Незнакомцев, что лениво прохаживались по улицам, население скоро узнало, научилось ускользать от их недреманого ока. Труднее было с некоторыми «своими», обитавшими рядом.

… К Палашке зачастили полицаи. Разбитная бабенка всю войну промышляла на базаре — покупала, перепродавала. На улице ее все звали Палашкой-спекулянткой.

Соседей встревожили новые знакомства спекулянтки — может по злобе донести, а может и без умысла сболтнуть: язык у таких не на привязи.

После очередного приема гостей, рано утром Палашка-спекулянтка прибежала к соседке:

— Что делать, соседушка, ума не приложу. — Голос Палашки был необычно тих и тревожен.

— У тебя же ума палата, ты все знаешь и умеешь, — отвечала соседка всполошенной бабе. — Что тебя растревожило?

— Знаешь, соседушка, были у меня парни из полиции, ну, выпили, пели, плясали…

— Разве? — удивлялась соседка. — Знать, крепко сплю, ничего не слыхала.

— Зашли разика два-три, а сегодня под дверью вот это нашла. — Она протянула смятый листок ученической тетрадки.

Соседка взяла бумагу, разгладила ее, посмотрела на печатные буквы, написанные простым карандашом.

— Без очков не вижу, что там.

Палашка взяла бумагу и стала читать. На многих словах она спотыкалась.

— Ты все, милая, читай. Чего мычишь?

Палашке пришлось читать и такие слова, которых не печатают в книгах. В письме говорилось о ее поведении в совершенно определенных выражениях.

— «Если не одумаешься, — будешь острижена, ходи босоголовой. Не поможет и это — не быть тебе живой… — Палашка всхлипнула, утерла передником нос, продолжала: — От нас не скроешься, найдем. Письмо сожги и не пикни».

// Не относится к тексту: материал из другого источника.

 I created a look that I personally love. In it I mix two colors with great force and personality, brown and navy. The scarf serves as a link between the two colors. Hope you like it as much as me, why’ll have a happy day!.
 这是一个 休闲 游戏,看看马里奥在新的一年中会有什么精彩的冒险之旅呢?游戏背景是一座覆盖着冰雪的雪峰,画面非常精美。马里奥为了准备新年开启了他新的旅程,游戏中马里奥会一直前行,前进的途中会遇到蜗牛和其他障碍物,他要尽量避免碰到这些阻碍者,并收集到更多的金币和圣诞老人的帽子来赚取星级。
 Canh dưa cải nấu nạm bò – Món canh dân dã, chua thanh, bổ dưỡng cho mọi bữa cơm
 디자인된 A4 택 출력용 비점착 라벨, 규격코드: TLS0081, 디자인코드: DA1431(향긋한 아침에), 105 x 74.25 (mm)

— Смотри ты, как тебя обрисовали. Рядом живу — и не знала. Говорят, старым плохо спится, а я — как убитая. Свету нет, вот и храплю, да и глуховата стала.

Палашка нетерпеливо прервала:

— Что же делать-то? Они ведь все могут…

— Пойдем-ка в хату, — пригласила старуха.

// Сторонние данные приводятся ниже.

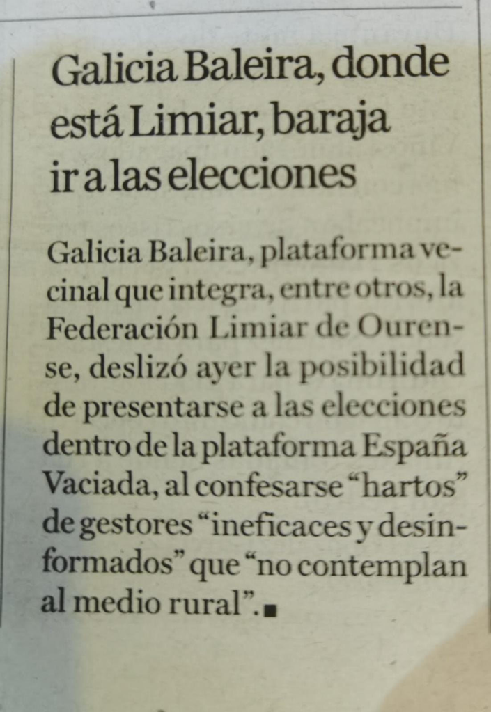 La Plataforma «Galicia Baleira» -que aglutina las Federaciones de Asociaciones Vecinales «Lucus Augusti» de la provincia de Lugo y «Limiar» de la provincia de Ourense-, baraja ir a las elecciones by Cogave Cogave | Abr 19, 2022 | Novas | 0 comments FUENTE: LA REGIÓN 19/04/2022. Submit a Comment Cancelar la respuestaTu dirección de correo electrónico no será publicada. Los campos obligatorios están marcados con *Comentario Nombre * Correo electrónico * Web Guarda mi nombre, correo electrónico y web en este navegador para la próxima vez que comente.

На кухне открыла дверцу печки, где рдела маленькая кучка углей.

— Бросай, как велено.

Огонь лизнул бумагу с одного края и оборвался на другом.

— Сама-то что думаешь?

— Да пропади они пропадом, эти нахалы… На базаре торговать не дают, пристают со своим, мужчинским.

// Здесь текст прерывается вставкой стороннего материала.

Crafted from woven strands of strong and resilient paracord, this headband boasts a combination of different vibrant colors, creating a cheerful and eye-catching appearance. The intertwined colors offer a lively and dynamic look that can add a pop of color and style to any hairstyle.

— Придумали тоже: обреем, — улыбнулась старуха. — Срежут твою прическу — и платком не укроешься. Самый большой позор женский. А потом наши вернутся… — раздумчиво продолжала она. — Отвадить дружков-то придется.

— Да как же? Как репей пристали.

Старуха знала о письме раньше, чем прочитал его адресат, но не подавала и виду. По-соседски дала совет:

— Ты недели на две-три уйди куда подальше. Родственники-то есть? За хатой я уж присмотрю…

Находились родственники. Палашка перебиралась в другую часть города, не появлялась на базаре. Патриоты и здесь с нее глаз не спускали: попробуй она взяться за старое — придет еще одно «послание»…

А на старом месте соседка-старуха объяснила полицаям:

— Уехала, милые, уехала. Попутчик подвернулся, за мукой отправилась в станицу. Недели три, говорила, проездит. Так что нет Палашеньки, улетела голубка наша.